---
library_name: transformers
license: apache-2.0
license_link: https://huggingface.co/Qwen/Qwen3-Coder-Next-Base/blob/main/LICENSE
pipeline_tag: text-generation
---

# Qwen3-Coder-Next-Base

## Introduction
**Qwen3-Coder-Next-Base** is an open-weight language model designed specifically for coding agents and local development. It is the base version of the 80B parameter model that activates only 3B parameters during inference, as described in the [Qwen3-Coder-Next Technical Report](https://huggingface.co/papers/2603.00729).

## Highlights

Today, we're announcing **Qwen3-Coder-Next-Base**, an open-weight language model designed specifically for coding agents and local development.
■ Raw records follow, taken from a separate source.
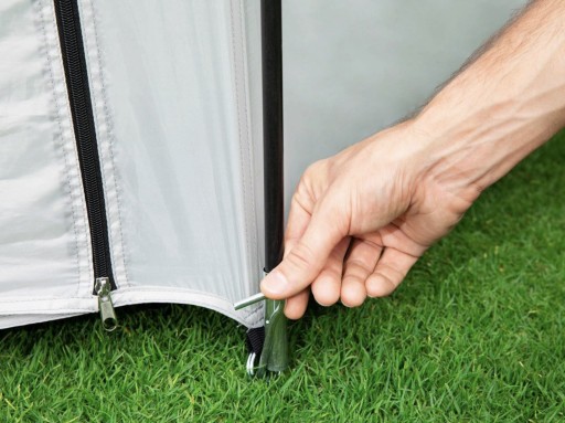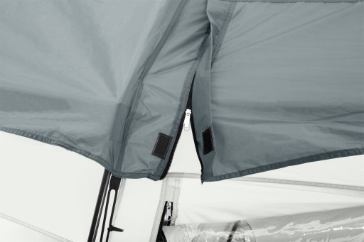 Stabilność i wytrzymałość konstrukcji gwarantuje stelaż wykonany z włókna szklanego. Rozsuwane drzwi pozwalają na dowolne zaaranżowanie otaczającej przestrzeni. Można pozostawić jedynie główną kopułę i korzystać z uroków bliskiego kontaktu z naturą bądź zasunąć wszystkie drzwi i stworzyć maksymalnie intymną atmosferę. Namiot posiada w zestawie także moskitierę, która uniemożliwia owadom przedostawanie się do jej wnętrza. Ten duży przenośny namiot może być także używany jako przestronna altana ogrodowa, przedsionek do przyczepy kempingowej bądź w każdy inny sposób odpowiadający indywidualnym potrzebom.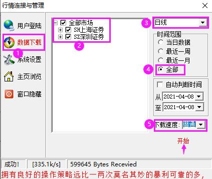 雙擊軟件右下角的燈塔圖標(biāo),打開【行情連接與管理】,點(diǎn)擊左側(cè)的【數(shù)據(jù)下載】,在【上海證券】和【深證證券】前面的方框打鉤選中,右上角的下載內(nèi)容選擇【日線】,時(shí)間范圍選擇【全部】,下載速度選擇【普通】,然后點(diǎn)擊【開始】,直至下載完畢。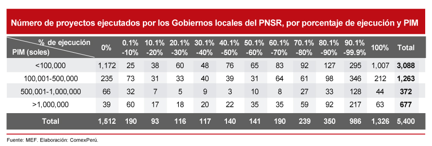 Las conclusiones de estos datos son variadas. Por un lado, es claro que en los Gobiernos locales predominan los proyectos de menor presupuesto y, al parecer, pueden ejecutarse al 100% de lo planeado para el año de forma más sencilla. Por otro lado, una gran parte de estos proyectos son abandonados. Esto es especialmente notorio en el caso del PNSR pues, entre todos los subgrupos mostrados, el de menor PIM y ejecución cero es el más grande. Cuando consideramos los proyectos de mayor tamaño, en cambio, es difícil llegar al 100% de la ejecución, si bien un buen grupo se encuentra cerca de ese porcentaje.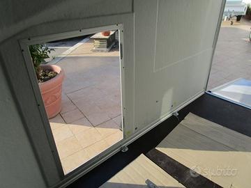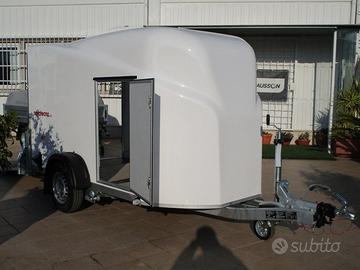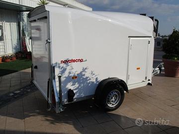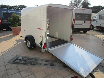 Interamente chiuso con struttura in vetroresina e rampa posteriore basculante.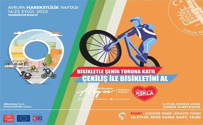 Çorum Belediyesi Avrupa Hareketlilik Haftasında bisikletle ÅŸehir turu düzenliyor, etkinliÄŸe katılanlara çekiliÅŸle bisiklet hediye ediyor. Avrupa hareketlilik haftası etkinlikleri kapsamında Çorum Belediyesi bisikletle ÅŸehir turu düzenliyor. 16.09.2022 Cuma Günü saat 18.00’da Kültür Park’tan(İtfaiye MüdürlüÄŸü Yanı) baÅŸlayacak tur Millet Bahçesinde noktalanacak. Belediye etkinlik günü Çorbis’i de ücretsiz yapacak. Katılımcıların kendi bisikletleriyle ya da Çorbis’le katılım saÄŸlayabileceÄŸi etkinlik sonrasında yapılacak çekiliÅŸle 10 adet bisiklet hediye edilecek. Çorum’un düz bir arazi üzerine kurulu bir ÅŸehir olmasının bisiklet kullanımını mümkün kıldığını belirten Belediye BaÅŸkanı Dr. Halil İbrahim AÅŸgın, “Åžehrimiz bisiklet kullanımı için oldukça elveriÅŸli bir ÅŸehir. Bisikletin ulaşım aracı olarak kullanılmasını yaygınlaÅŸtırmak ve hemÅŸehrilerimizi buna teÅŸvik etmek için çeÅŸitli uygulamaları hayata geçiriyoruz. Bu anlamda ÇORBİS ÅŸehrimize kazandırdığımız bir alışkanlık oldu ve çok sevildi. 40 bini aÅŸan abone sayısı da bize bunu gösteriyor. Avrupa Hareketlilik Haftası dolayısıyla yapacağımız bisikletle ÅŸehir turu etkinliÄŸimize tüm hemÅŸehrilerimizi davet ediyorum” diye konuÅŸtu.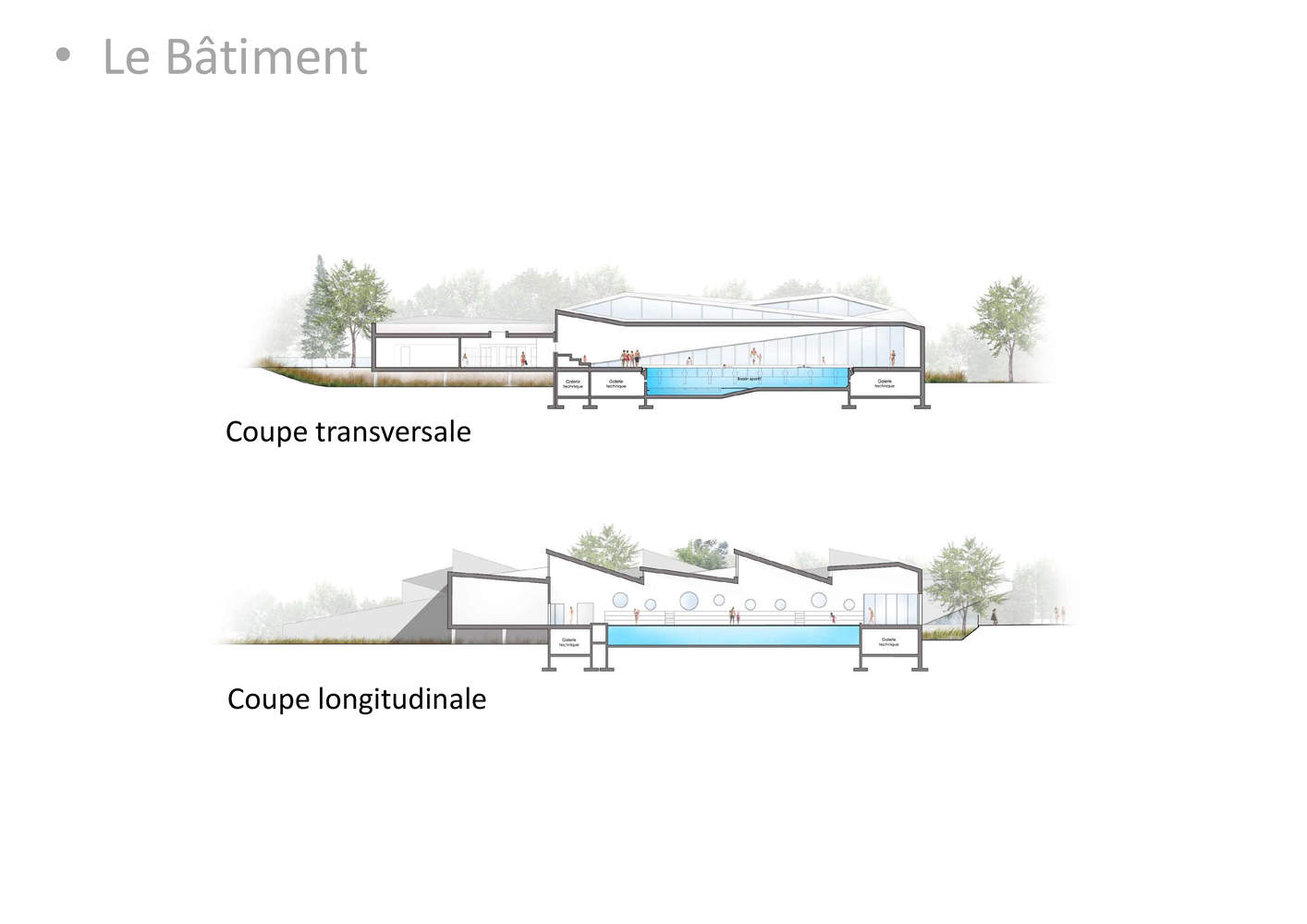 该项目目标是充分利用这个新设施,通过扩大其公共和活动能力,赋予它真正的跨社区地位。符合项目委托方 CAPI 期待的游泳池于 9 月初交付使用,是其能源转型和可持续发展政策的一部分。其目的也旨在使这个新设施成为能源转型方面的旗舰,并获得 BEPOS(正能量建筑)标签。

It features the following key enhancements:  

- **Advanced architecture**: It integrates the Hybrid Attention with highly sparse MoE, enabling high throughput and strong ultra-long-context modeling.

- **Robust data foundation**: Trained on highly diverse, broad-coverage corpora, with native 256K context and support for 370+ languages, it leaves ample headroom for post-training.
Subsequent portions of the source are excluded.